I’m not really sure where to start with the calculation - I know the torque constant and torque, so I can work out the current during acceleration. Can I then just use the winding resistance to figure out power (i.e. I^2*R)? I suspect it’s not that simple. Then I’m not really clear what’s happening during the braking phase - are we simply taking energy out of the system and dumping it in the braking resistor, or are we putting current through the windings to actively brake the motor? I.e. do we actively consume power from the supply when braking? I’ll settle for a ballpark calculation, it doesn’t need to be super accurate. But I would like a decent estimate of energy consumption for different trap moves (accelerations, peak velocity and distance) for a given motor.
Then what’s the best procedure for measuring the actual power consumption on my real system?
Some current is being burned in the windings because the phase current (Iq) goes negative to brake.
No, it’s more like the stored rotational and magnetic energy in the motor is removed (negative current) and turned to heat in the brake resistor. The power supply current ideally goes to 0 during braking.
Measuring through the power supply would be best. Otherwise… probably (odrv0.Ibus + odrv0.brake_current) * odrv0.vbus_voltage, except I think the brake current value is only in 0.5.3 development branch right now.
Ok, thanks for all of that. But given that I’m not consuming power from the supply in the braking phase, presumably
odrv0.ibus * odrv0.vbus_voltage
should give me my power (from the supply)?
And do you have any suggestions about how I can do a calculation to predict energy consumption?

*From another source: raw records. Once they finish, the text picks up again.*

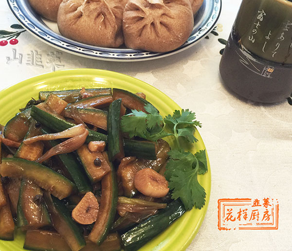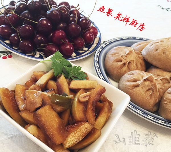 第二天的酱西瓜皮模样是这样滴。鲜,咸,脆,香是酱西瓜皮的最明显的口感。一同出镜的,还有粗面肉包子。
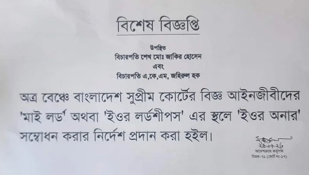 তখন সহকারী অ্যাটর্নি জেনারেল মাহফুজুর রহমান (লিখন) বলেন, আদালতকে সম্মান করে লর্ড সম্বোধন করা হয়। তখন আদালত বলেন, ‘মাই লর্ড’ বা ‘ইয়োর লর্ডশিপ’ না বলে ‘ইয়োর অনার’ বলে সম্বোধন করলেও তাঁরা সম্মানিত বোধ করবেন। পরে আদালত কক্ষের বাইরে এ–সংক্রান্ত বিজ্ঞপ্তি দেখা যায়।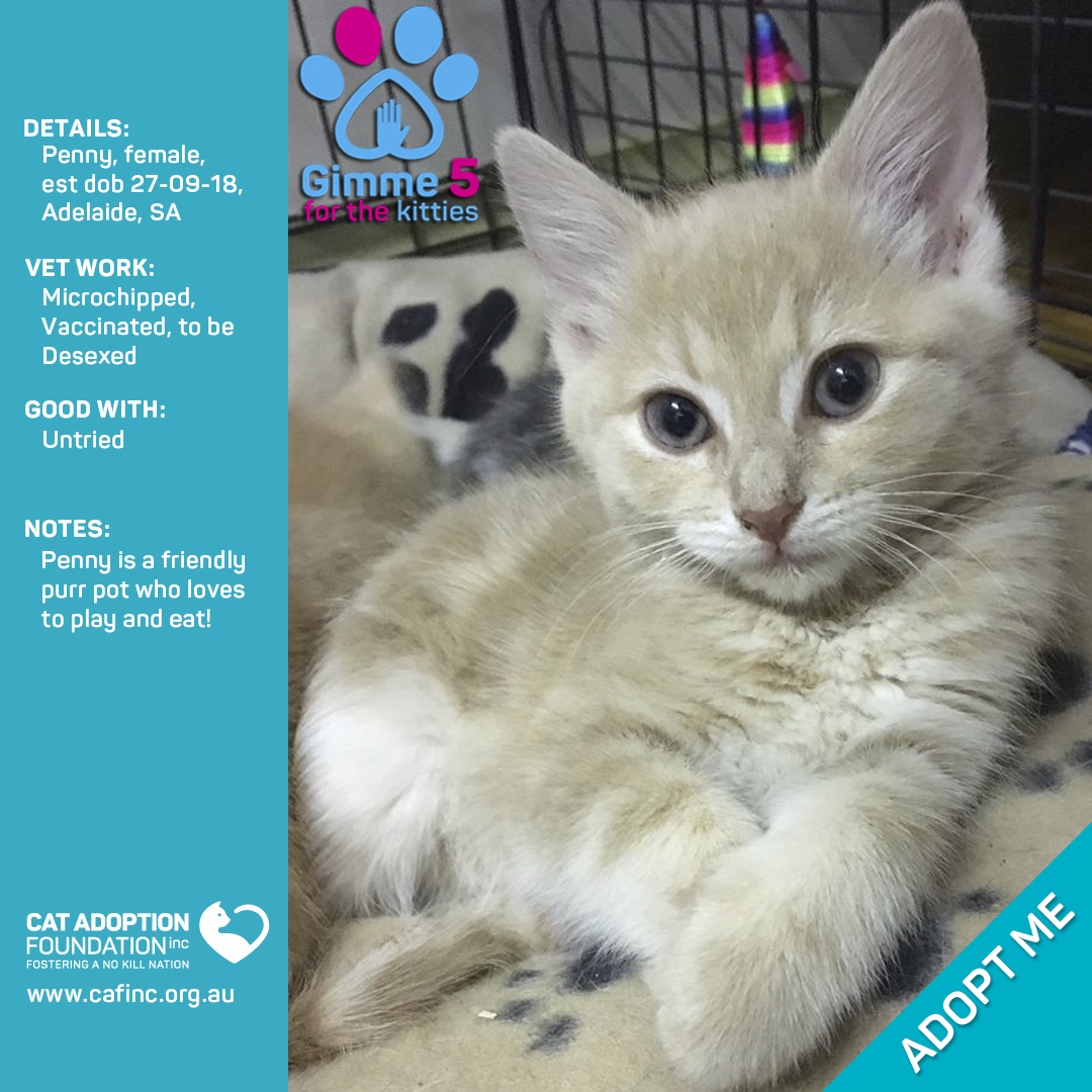 Donate to Penny at Cat Adoption Foundation Incorporated via Shout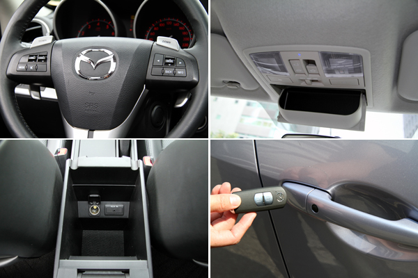 Mazda3 2.5S亦配有Aux-in外接音源、Keyles免鑰匙系統、多功能方向盤與眼鏡盒等配備。
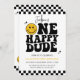 EIN GLÜCKLICHER TYP - Dieses super niedliche Retro ONE HAPPY TYP 1. Geburtstag Einladung zeigt eine gelbe und schwarze Retro-Smileface mit Blitzen, und die Fähigkeit, das Foto Ihres kleinen Typs auf der Rückseite. Dieses One Happy Typ Geburtstagslädt wird sicher jeder One Happy Typ Geburtstagsparty abgeschlossen! Mit der einfach zu bedienenden Zazzle-Software (kein Download erforderlich) direkt in Ihrem Browser erwerben Sie einfach alles an einem Ort, an dem Sie sich selbst personalisieren können. So einfach ist es!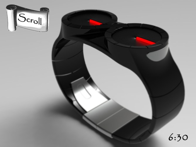 Peter says: I have made it sleeker and edgier than the original. I have also connected the two dials to make it look more scroll like and added markers to make time reading easier.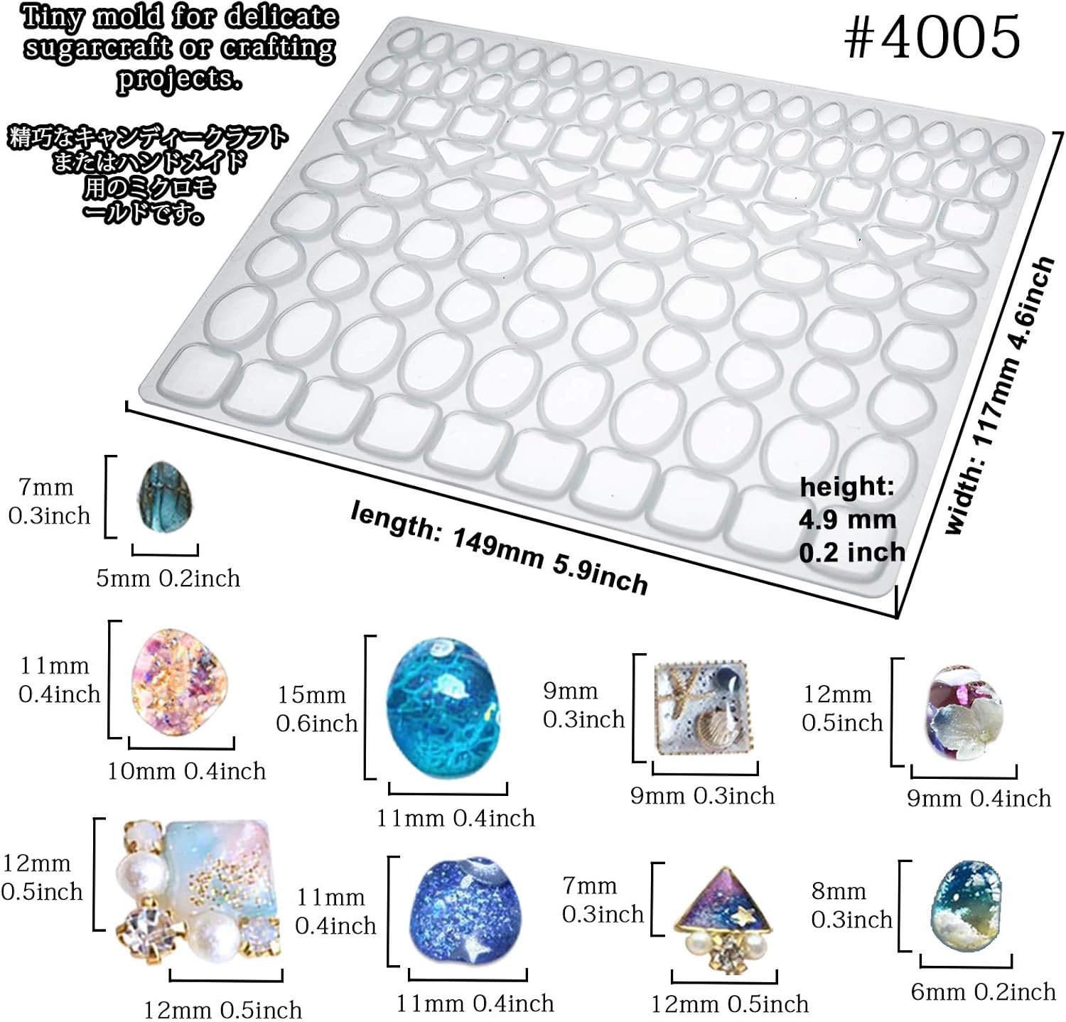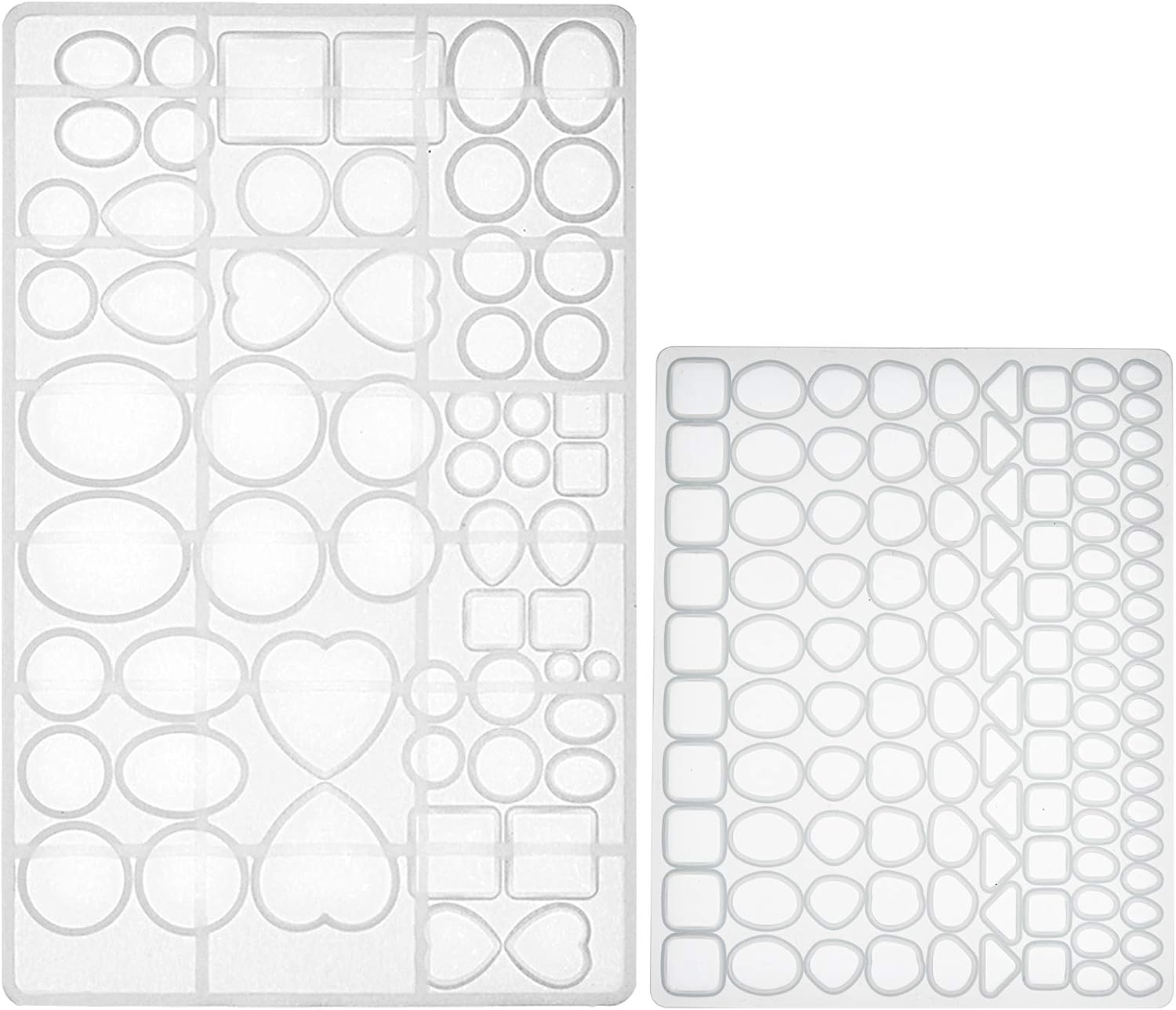 - Clear gem stone molds from 0.2 to 1.6inch(5 to 40mm), 176 cavities 38 designs, varied shapes of triangle, oval, dome teardrop, square, heart, circle, irregularity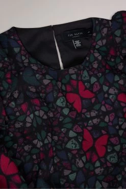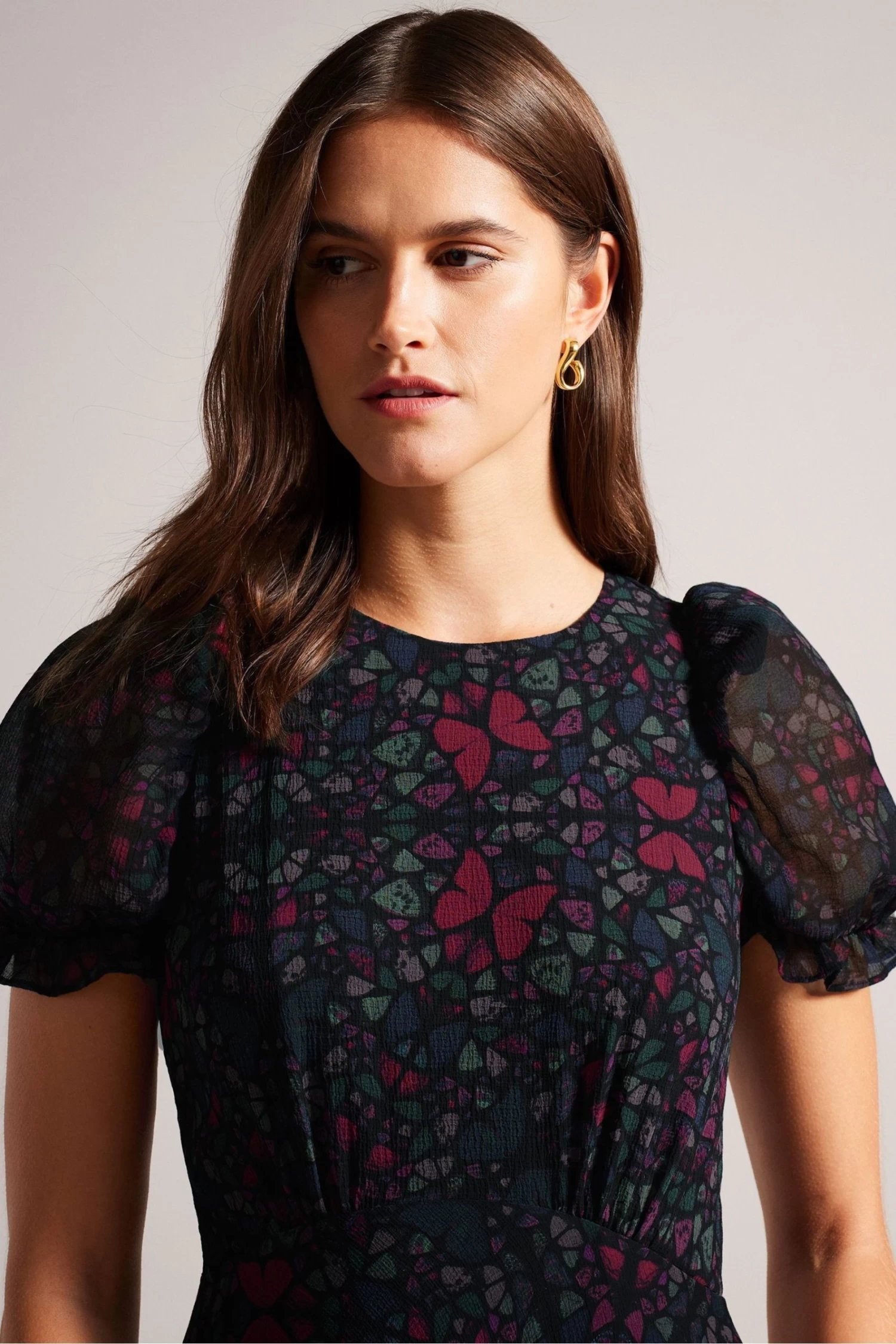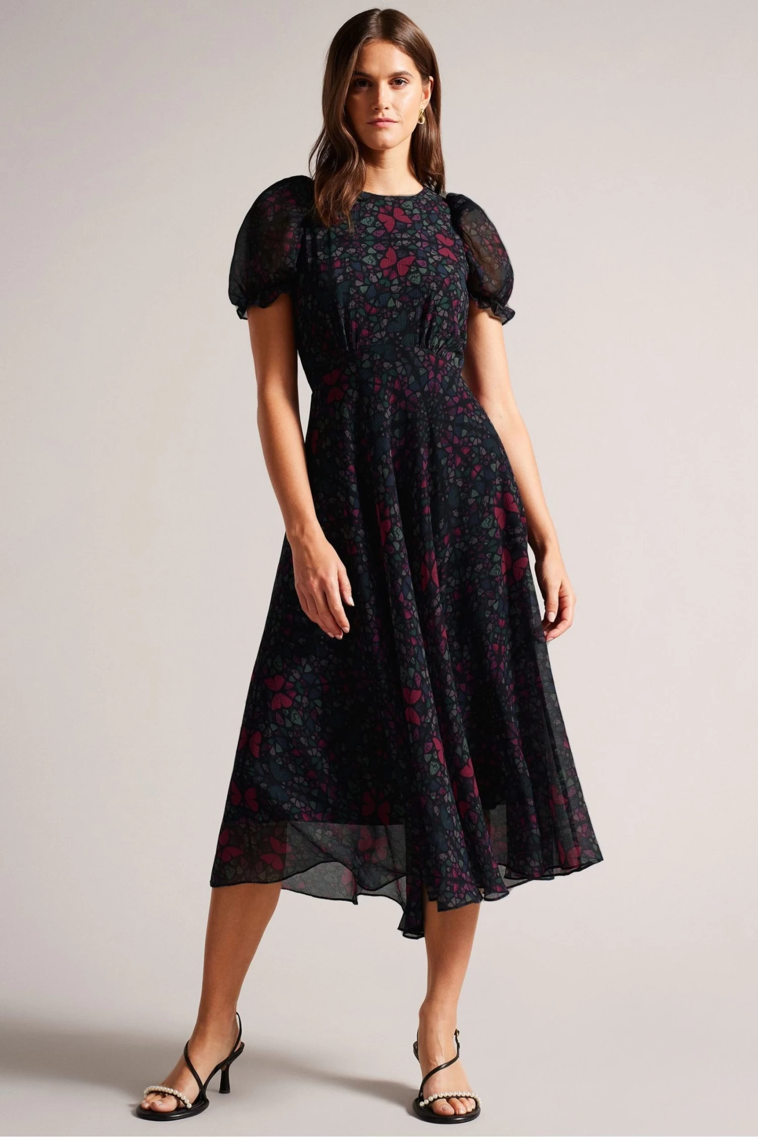 Ted Baker Daniaa Graduated Black Midi Dress With Ruched Puff Sleeve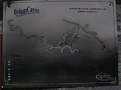 The Belum Caves, located in Nandyala district of Andhra Pradesh's Rayalaseema region, is the second largest cave system on the Indian subcontinent, known for its speleothems, such as stalactite and stalagmite formations. The Belum Caves have long passages, galleries, spacious caverns with fresh water and siphons. This cave system was formed over the course of tens of thousands of years by the constant flow of underground water from the now-disappeared river Chitravathi. The cave system reaches its deepest point (46 m (151 ft) from entrance level) at the point known as Pataalaganga.[1] Belum Caves have a length of 3,229 m (10,593.8 ft), making them the second largest caves on the Indian Subcontinent after the Krem Liat Prah caves in Meghalaya. It is one of the centrally protected Monuments of National Importance.[2]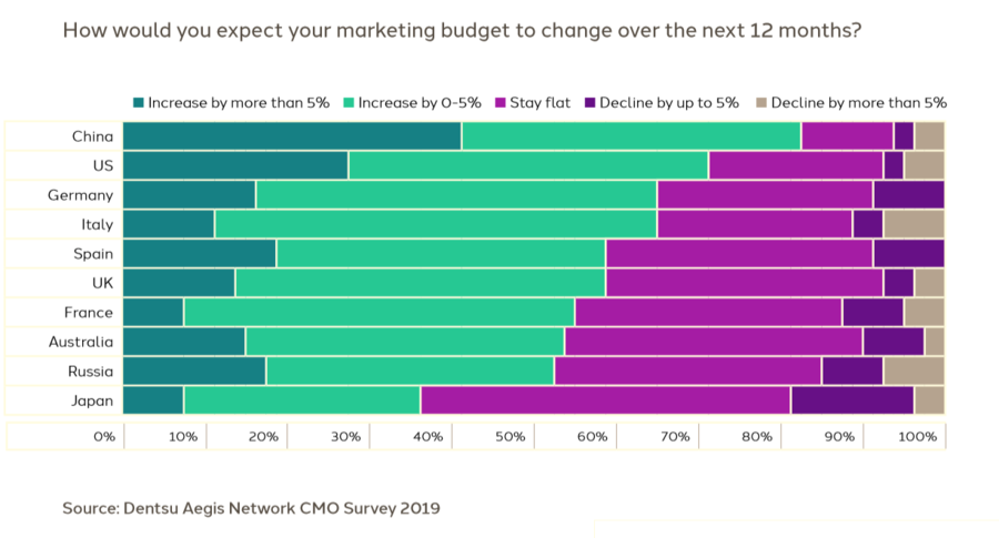 В России около 52% маркетологов планируют увеличить бюджет на рекламу в течение ближайшего года. Большая доля опрошенных российских директоров по маркетингу — 35% — собирается повысить медиаинвестиции не более чем на 5%. Около трети топ-менеджеров — 33% — хотят сохранить бюджеты на прежнем уровне.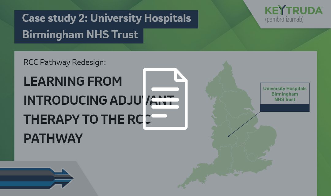 Case studies outlining pathway redesign can be a valuable resource for NHS healthcare professionals, to support in improving RCC patient pathways and healthcare delivery in the adjuvant setting, within current capacity and workforce constraints.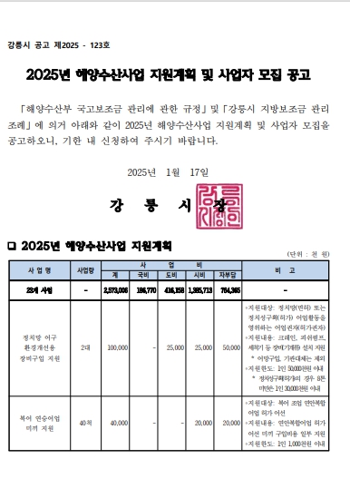 강릉시는 2025년 해양수산분야 보조사업 신청 접수를 1월 20일(월)부터 2월 21일(금)까지 33일간 받는다.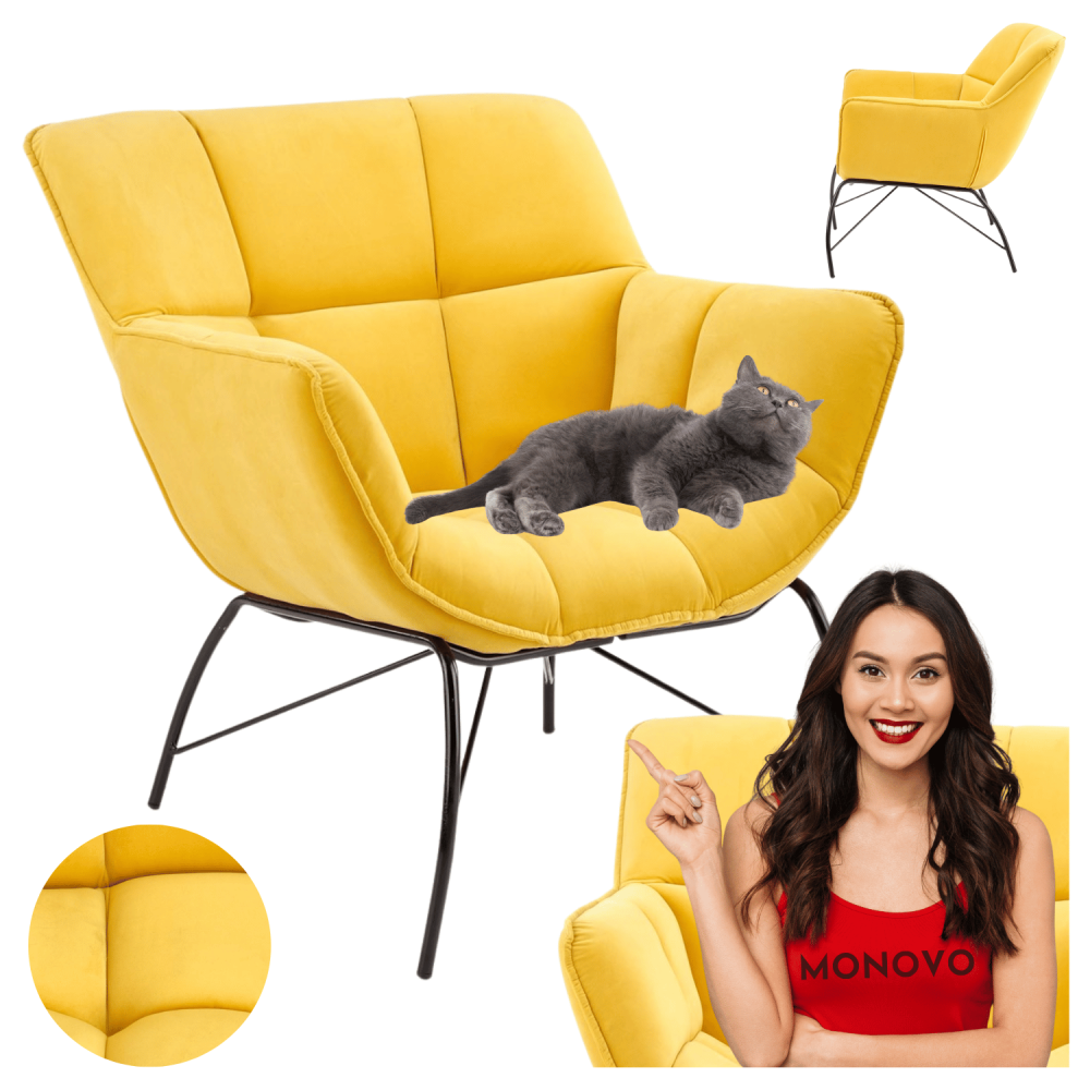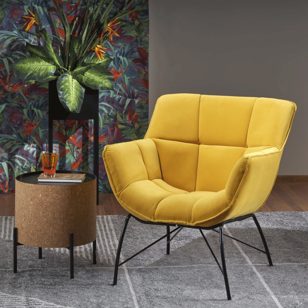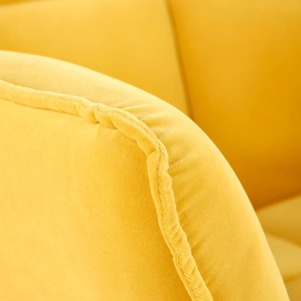Fotel wypoczynkowy BELTON to mebel, który od pierwszego wejrzenia wprowadza do wnętrza nutę radości i energii dzięki intensywnemu odcieniowi żółci. Jego siedzisko i oparcie pokryte miękkim welurem Velvet zapewniają nie tylko wyrafinowany dotyk, ale także trwałość i łatwość utrzymania czystości – idealne rozwiązanie dla osób ceniących sobie zarówno styl, jak i funkcjonalność. Charakterystyczne pikowanie w formie rombów dodaje fotelowi retro elegancji, co świetnie współgra z jasnymi ścianami, betonowymi podłogami czy metalowymi akcentami. To więcej niż miejsce do siedzenia – to prawdziwy punkt akcentowy Twojego salonu lub pokoju gościnnego.

Re controller bandwidth, I’ve been doing trapezoidal moves and logging a bunch of variables to produce plots. I’d been logging at about 100Hz and bumped this up to 200Hz to get more accurate plots. But I realised that sometimes I was spending too long in the loops (at the end of the logging loop I set the time to next pull the data, and I can see that that time has already passed), so I wondered if polling the odrive so fast was impacting its performance. So I dropped way down to 25-50Hz, and then found that I could command faster accelerations (for a given bandwidth) without getting errors. I.e. it seems that polling the odrive so frequently for data was affecting the controller performance. So, I guess the question is, does this sound right, and is there a more efficient way of pulling the data off the odrive? Currently I do commands like pos[index] = axis.encoder.pos_estimate, and I’m grabbing about 10 variables every cycle.
Re the inertia, if I have T = I * angular acceleration, then I has units Nm / (rad / s^2) (which presumably are the same as kg m^2, but I can’t see how to get from one to the other right now). Anyway, I make it that multiplying my inertia value by 2*pi will give me inertia in Nm/(rev/s^2). Doing this gives me even ‘neater’ trapezoidal trajectories, so it seems like I’m on the right track.
Just to add, for the energy consumption calculation, I’m happy to ignore the coasting phase, and if it’s correct no energy is consumed from the supply in braking, the braking phase too. So basically I want to calculate the energy use while doing constant torque acceleration up to a max velocity, for given motor and load.
Ah yes, you’re right, I misread the code and I can see that Ibus (as reported in odrivetool) is already taking the brake current into account. So just Ibus * vbus_voltage will work fine.